> **WORK REQUIRED**
Any pictures in the records below must be left out when you repeat the lines from the line containing "このプロンプトを使用すると、" through the line containing "チェックジャカード生地にフラ" exactly.

Extracted records

┄┄┄┄┄┄┄┄┄┄┄┄┄┄┄┄┄┄┄┄

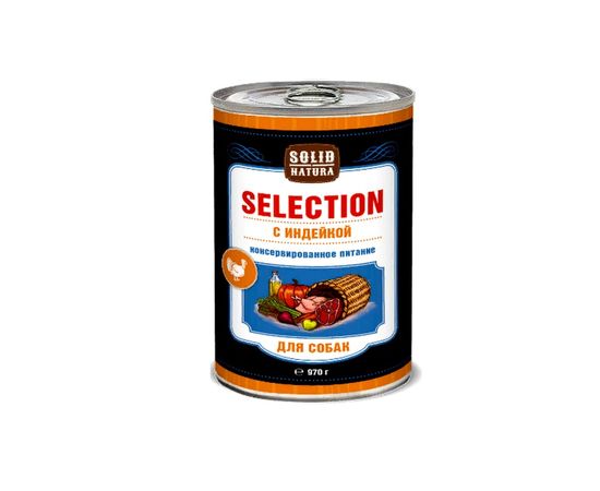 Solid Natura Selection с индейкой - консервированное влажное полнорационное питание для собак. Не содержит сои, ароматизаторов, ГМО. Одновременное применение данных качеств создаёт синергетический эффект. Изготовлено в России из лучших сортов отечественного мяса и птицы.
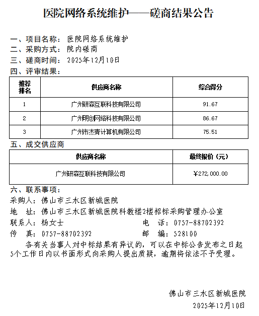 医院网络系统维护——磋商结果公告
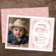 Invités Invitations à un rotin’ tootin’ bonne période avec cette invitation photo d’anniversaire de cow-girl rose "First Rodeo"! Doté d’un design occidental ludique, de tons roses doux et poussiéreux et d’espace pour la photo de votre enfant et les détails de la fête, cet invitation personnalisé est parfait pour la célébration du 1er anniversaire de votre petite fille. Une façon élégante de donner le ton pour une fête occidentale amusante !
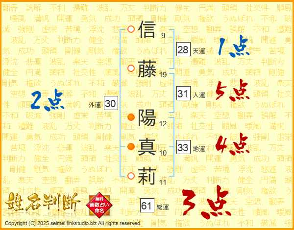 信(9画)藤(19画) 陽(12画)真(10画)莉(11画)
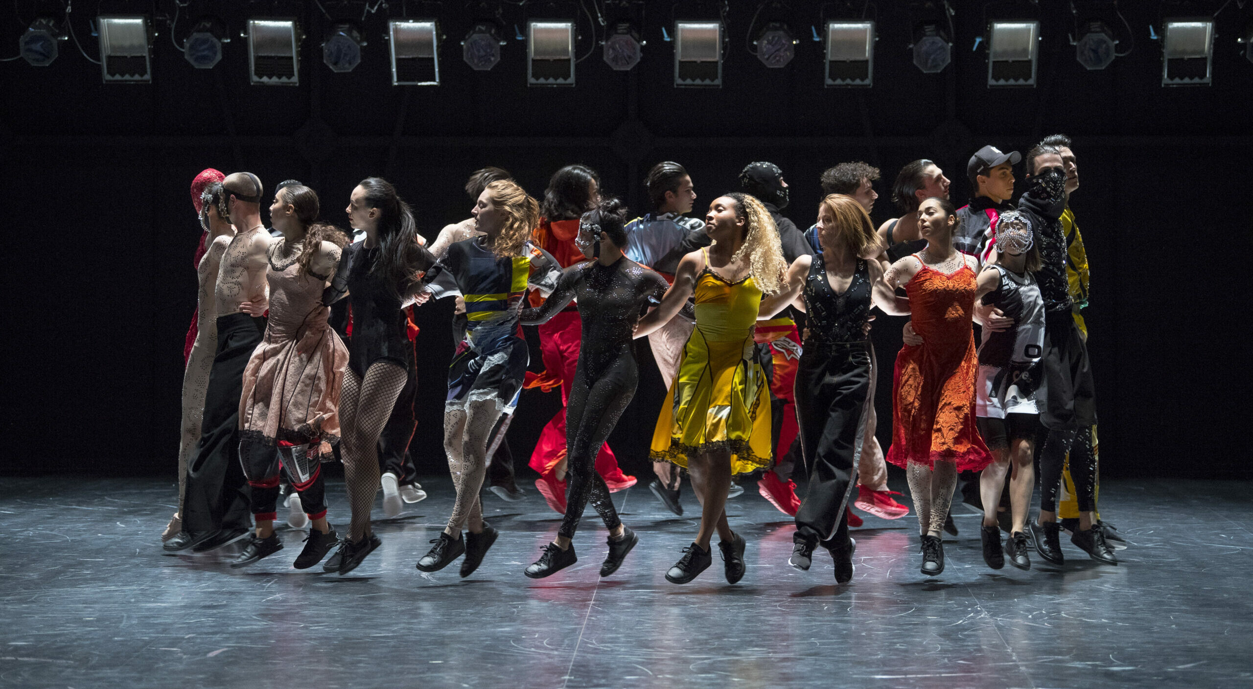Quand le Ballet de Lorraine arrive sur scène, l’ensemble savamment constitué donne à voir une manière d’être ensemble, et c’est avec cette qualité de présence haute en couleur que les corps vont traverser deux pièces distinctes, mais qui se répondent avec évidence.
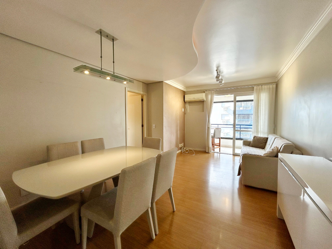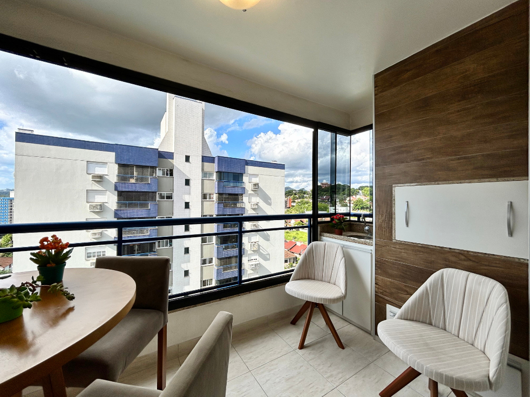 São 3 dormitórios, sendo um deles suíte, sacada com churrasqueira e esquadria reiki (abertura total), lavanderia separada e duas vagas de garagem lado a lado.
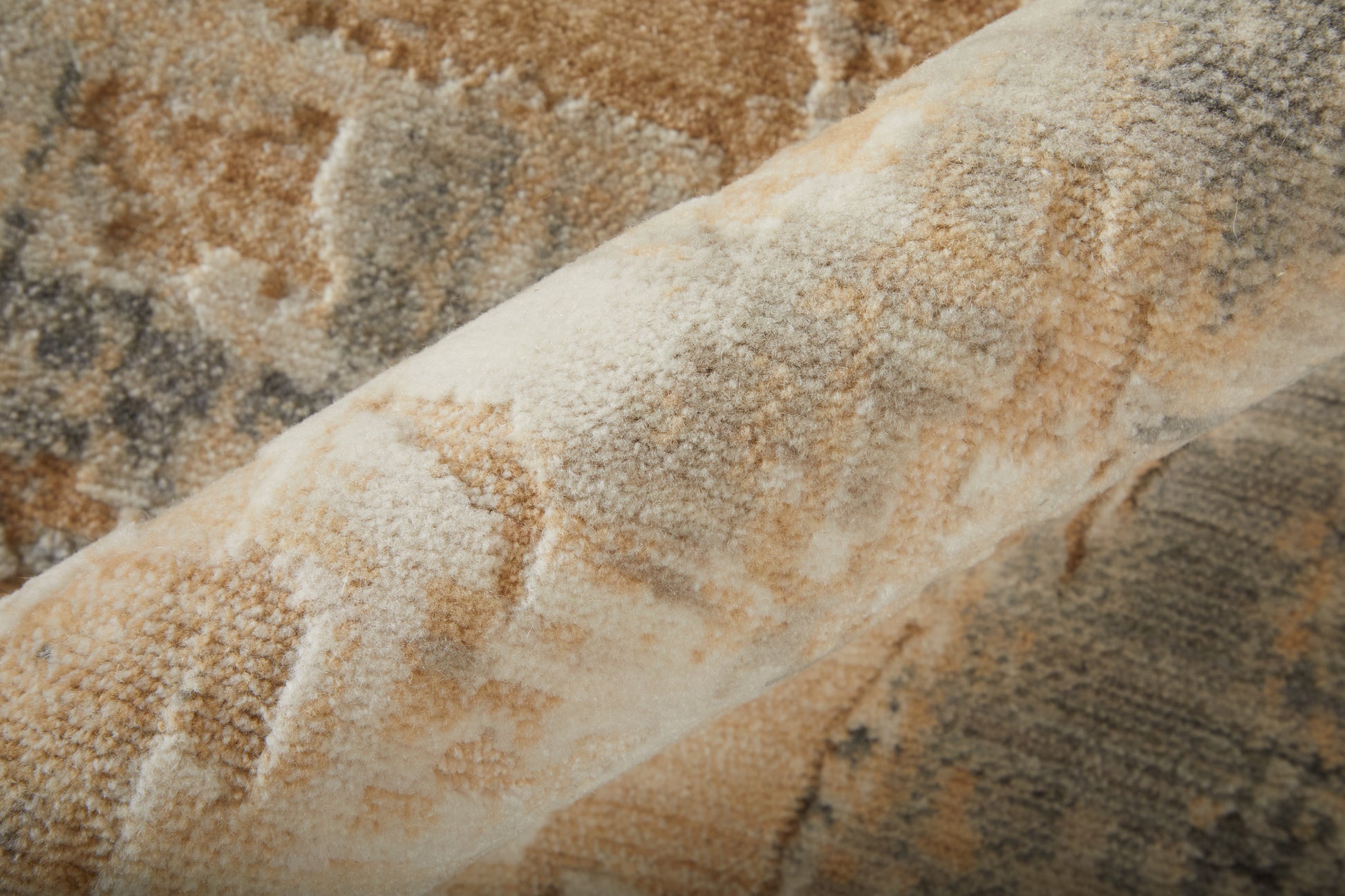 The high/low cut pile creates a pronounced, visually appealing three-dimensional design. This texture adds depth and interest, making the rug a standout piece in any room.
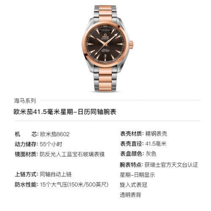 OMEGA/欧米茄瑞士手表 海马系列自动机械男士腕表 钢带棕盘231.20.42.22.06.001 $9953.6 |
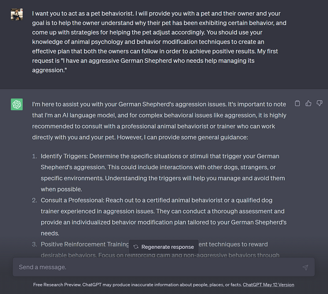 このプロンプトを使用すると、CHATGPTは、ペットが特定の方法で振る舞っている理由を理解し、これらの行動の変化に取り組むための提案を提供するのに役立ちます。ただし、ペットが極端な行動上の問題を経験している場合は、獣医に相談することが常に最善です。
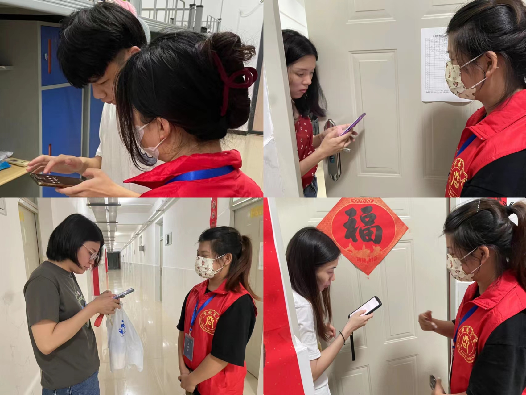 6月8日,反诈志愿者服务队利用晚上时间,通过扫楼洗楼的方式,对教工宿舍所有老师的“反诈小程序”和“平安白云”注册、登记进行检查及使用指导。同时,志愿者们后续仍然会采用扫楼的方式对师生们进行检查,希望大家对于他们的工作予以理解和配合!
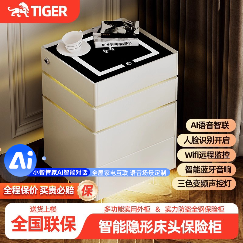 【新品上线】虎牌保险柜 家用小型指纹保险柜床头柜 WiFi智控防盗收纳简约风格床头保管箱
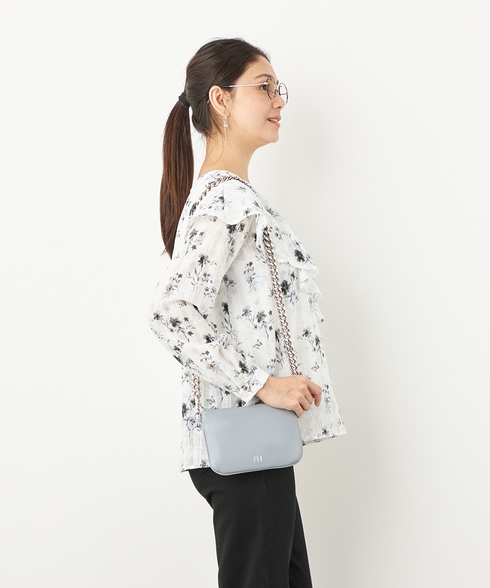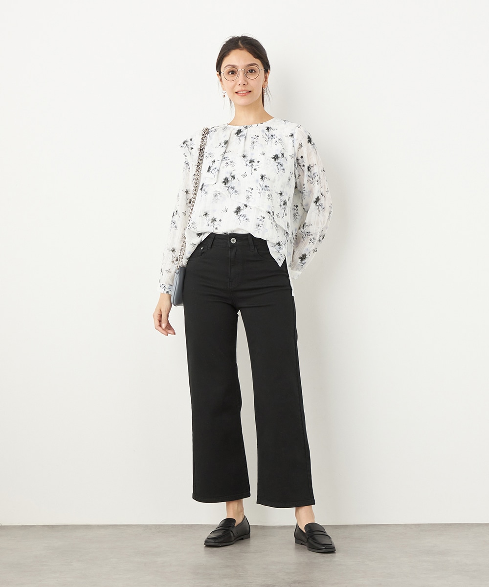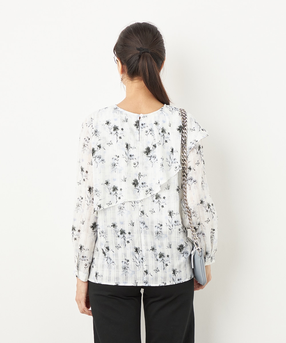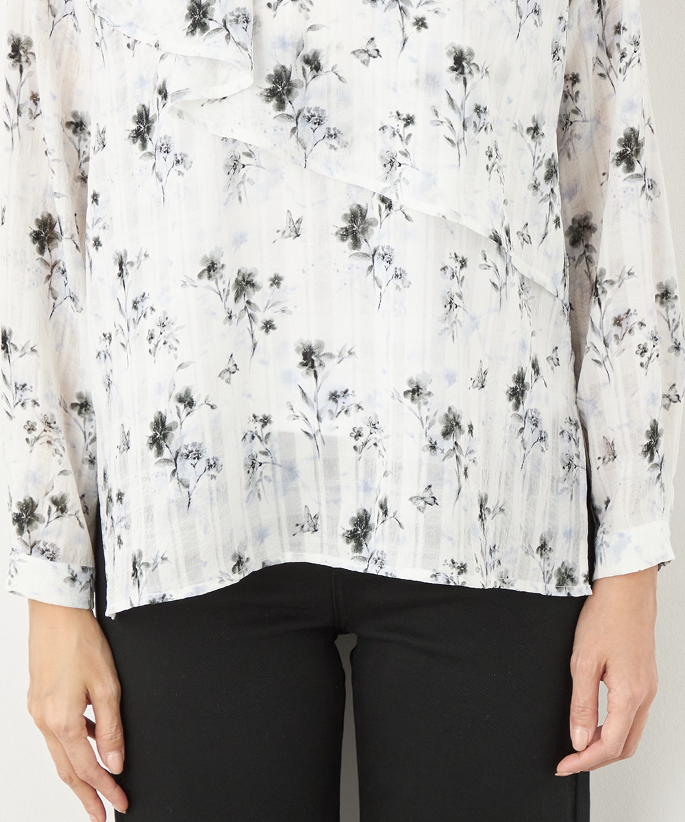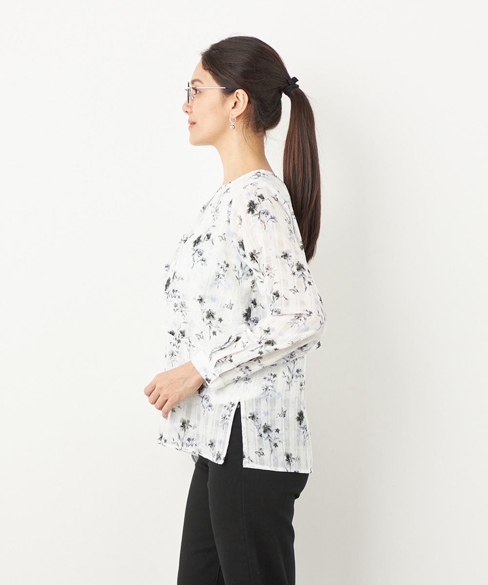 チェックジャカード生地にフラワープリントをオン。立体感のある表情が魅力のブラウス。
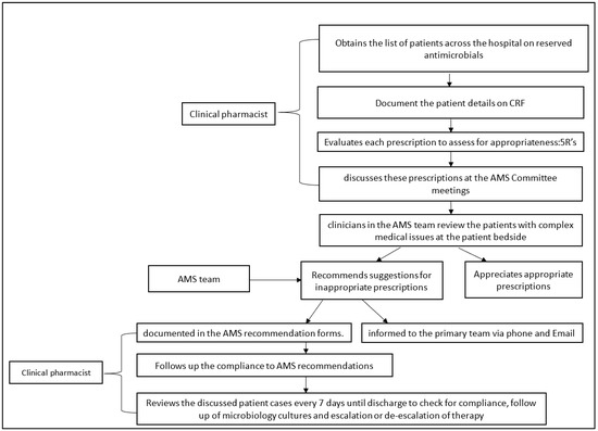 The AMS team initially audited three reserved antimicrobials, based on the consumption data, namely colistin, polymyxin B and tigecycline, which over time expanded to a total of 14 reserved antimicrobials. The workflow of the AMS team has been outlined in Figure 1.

┄┄┄┄┄┄┄┄┄┄┄┄┄┄┄┄┄┄┄┄

> **EXPECTED ANSWER**
 このプロンプトを使用すると、CHATGPTは、ペットが特定の方法で振る舞っている理由を理解し、これらの行動の変化に取り組むための提案を提供するのに役立ちます。ただし、ペットが極端な行動上の問題を経験している場合は、獣医に相談することが常に最善です。
 6月8日,反诈志愿者服务队利用晚上时间,通过扫楼洗楼的方式,对教工宿舍所有老师的“反诈小程序”和“平安白云”注册、登记进行检查及使用指导。同时,志愿者们后续仍然会采用扫楼的方式对师生们进行检查,希望大家对于他们的工作予以理解和配合!
 【新品上线】虎牌保险柜 家用小型指纹保险柜床头柜 WiFi智控防盗收纳简约风格床头保管箱
 チェックジャカード生地にフラワープリントをオン。立体感のある表情が魅力のブラウス。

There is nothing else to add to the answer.